• [GOAL OF THE EXERCISE] Make an exact transcript of the lines in the data below, starting with the one containing "4. [SALE] フラワー刺繍レース×プリーツ切り替えミモレ丈パーティードレス" and going on through the one containing "Eva Varro Metallic", with both included and the pictures left out.

──────── THE DATA

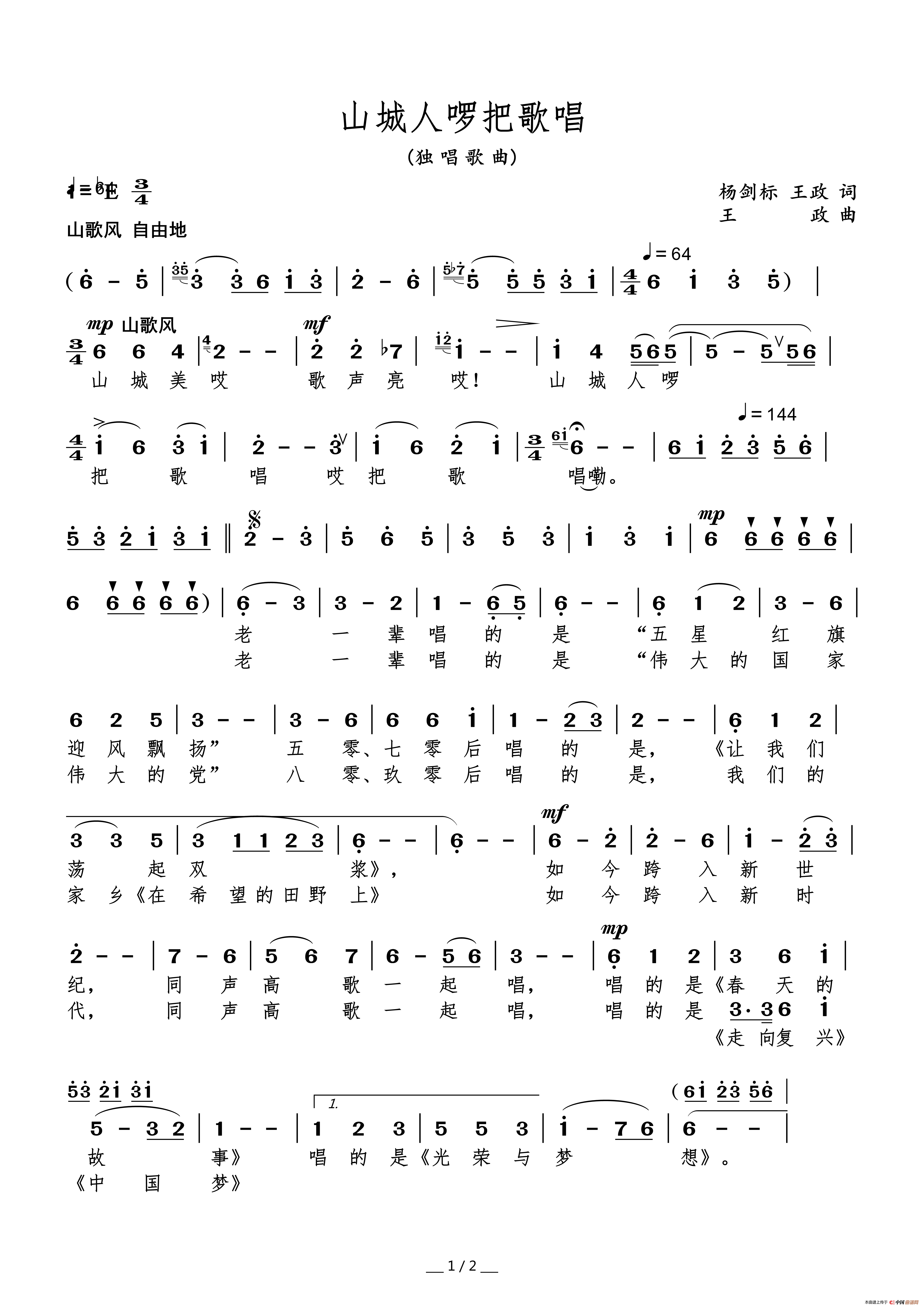 提示:在曲谱图片上单击右键,选择“图片另存为...”即可将曲谱保存到您的电脑中,打印时候可将图片插入到WORD中,调整合适大小打印即可。
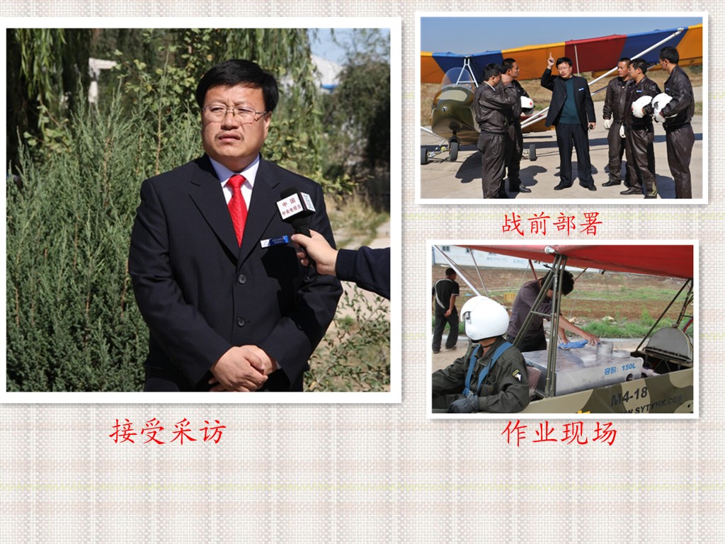 ,而是毅然決然的走上里一條充滿艱辛的打拼之路,在別人笑之為天方夜譚的情況下,1999年四處投親靠友籌集資金從北京航空航天大學購進了一架蜜蜂4超輕型飛機,與此同時它成就了內(nèi)蒙古自治區(qū)第一個私人擁有飛機的人,飛機有了,他東奔西走,開始學習、探索、研究制作超輕飛機飛機播種和飛機滅蟲設備,經(jīng)過4年的反復試驗,終于在2003年設備試驗成功,但沒有相關(guān)手續(xù)私人飛機不允許私自飛行,于是成立航空公司的想法在心中勾畫,他開始了中國第一家超輕型飛機通用航空公司的籌建工作,一己之力不可成江河,于是他伙同一直支持他的妻子四處請專家、找能人,終于在2006年經(jīng)過三年努力國家民航華北地區(qū)管理局為其頒發(fā)了通用航空公司籌建許可證,于是他又四處籌措資金,投入到籌建工作之中,2008年六月經(jīng)民航華北地區(qū)管理局驗收合格并頒發(fā)通用航空運營許可,與此同時他的飛機播種、飛防滅蟲兩項實用新型專利獲得通過,國家知識產(chǎn)權(quán)局頒發(fā)了實用新型知識產(chǎn)權(quán)證書。(鏡頭七)設備特寫(包括專利證書)邱志剛一個不屈不撓的東北漢子,在平凡的人生道路上創(chuàng)造了不平凡的業(yè)績,創(chuàng)造了不平凡的人生價值。創(chuàng)造了人生的豪邁與神奇。
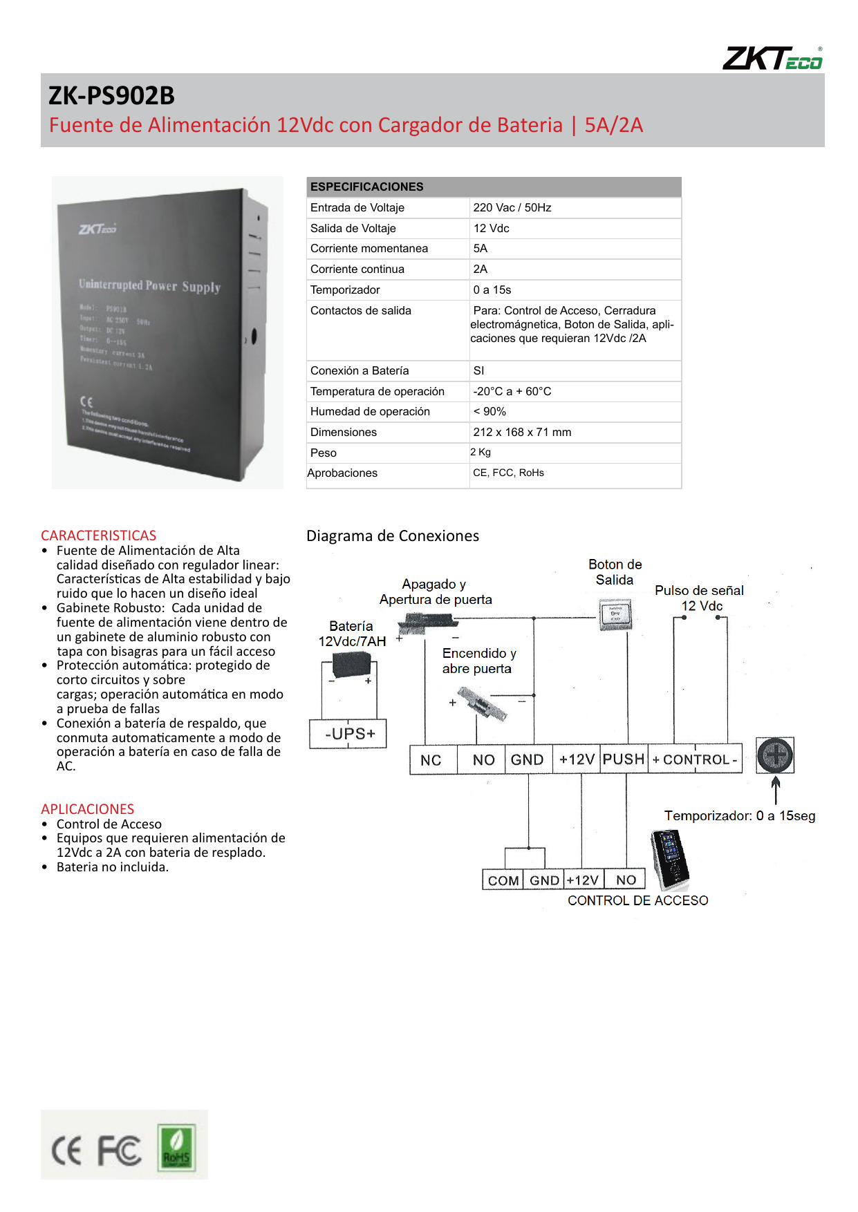 Para: Control de Acceso, Cerradura electromágnetica, Boton de Salida, aplicaciones que requieran 12Vdc /2A
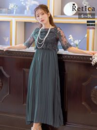 4. [SALE] フラワー刺繍レース×プリーツ切り替えミモレ丈パーティードレス (Sサイズ~3Lサイズ)
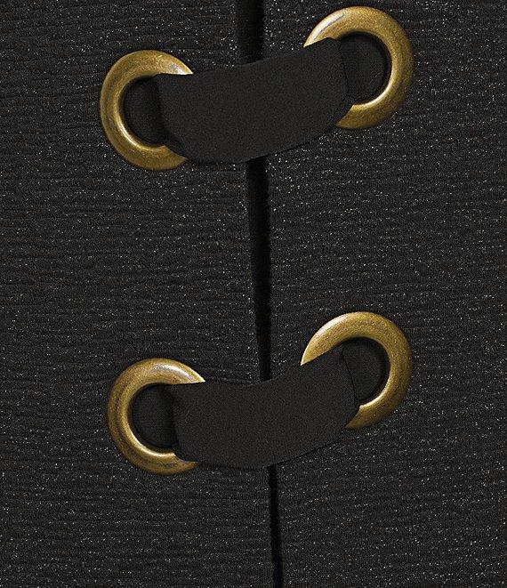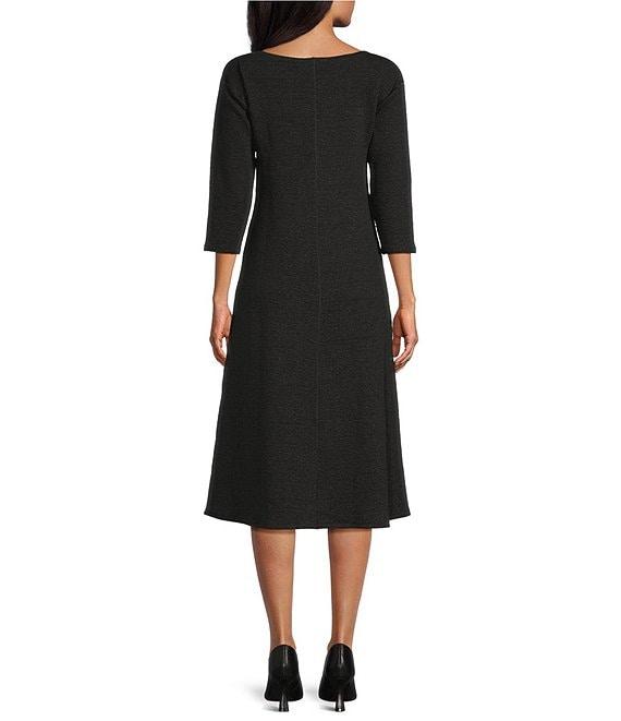 Eva Varro Metallic Jacquard Boat Neck Gommet Detail 3/4 Sleeve Midi Dress
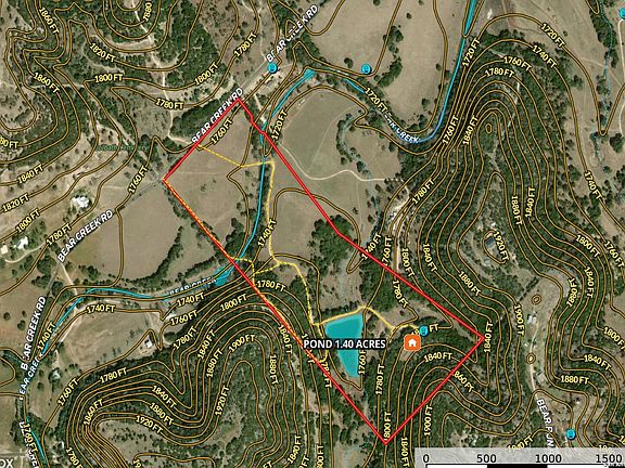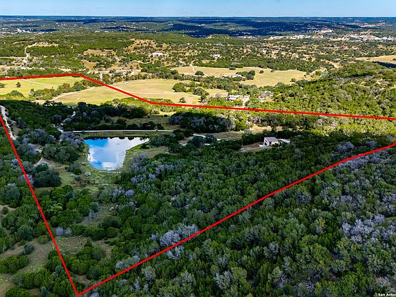 Bear Creek Ag-Exempt Hill Country Retreat | Hunting Permitted | Creek Frontage | Improved Pastures | Custom Home Plans! This extraordinary 59-acre ag-exempt estate offers over 1,000 feet of Bear Creek frontage on both sides located just minutes from Kerrville. Improved pastures produce up to 90 round bales of hay annually, blending productivity w/natural beauty. The existing 1,230 sq ft ICF (Insulated Concrete Forms) residence offers superior energy efficiency & strength, featuring 2 bd, 2 ba & expansive deck w/panoramic views. The insulated three-bay garage, w/dual pass-through bays, includes a full bath, laundry, & storage. This Turnkey infrastructure includes a private well, pump house, 5,500-gal storage tank, aerobic septic, propane, & gravel roads. In addition, A prime hilltop homesite adjacent to the current residence is cleared & ready w/architectural plans for a 4,261 sq ft ranch home w/585 sq ft covered decking. Abundant wildlife includes Axis, Whitetail, & Turkey. Graced by Live Oak, Red Oak, Sycamore, Cypress, & Cedar, creates a truly scenic & serene setting. Perfectly positioned for comfort & convenience, close to medical facilities, fine dining & all amenities.
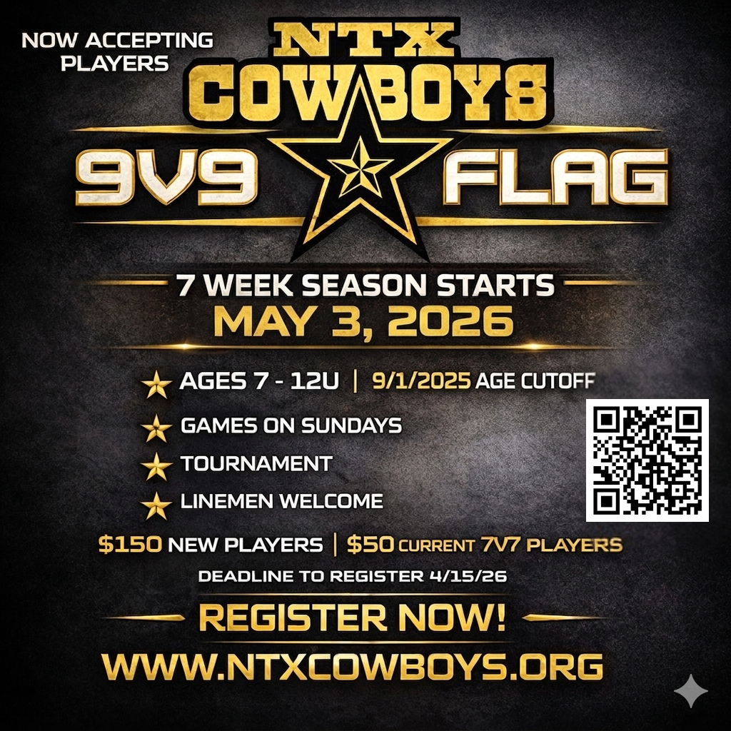 *9v9 football (ages 7u - 12u as of 9/1/25) is $50 for current 7v7 players and $150 for new players. Fee includes a custom uniform, player insurance and 1 tournament.

────────────────

• [ANSWER TO THE EXERCISE]
 4. [SALE] フラワー刺繍レース×プリーツ切り替えミモレ丈パーティードレス (Sサイズ~3Lサイズ)
 Eva Varro Metallic Jacquard Boat Neck Gommet Detail 3/4 Sleeve Midi Dress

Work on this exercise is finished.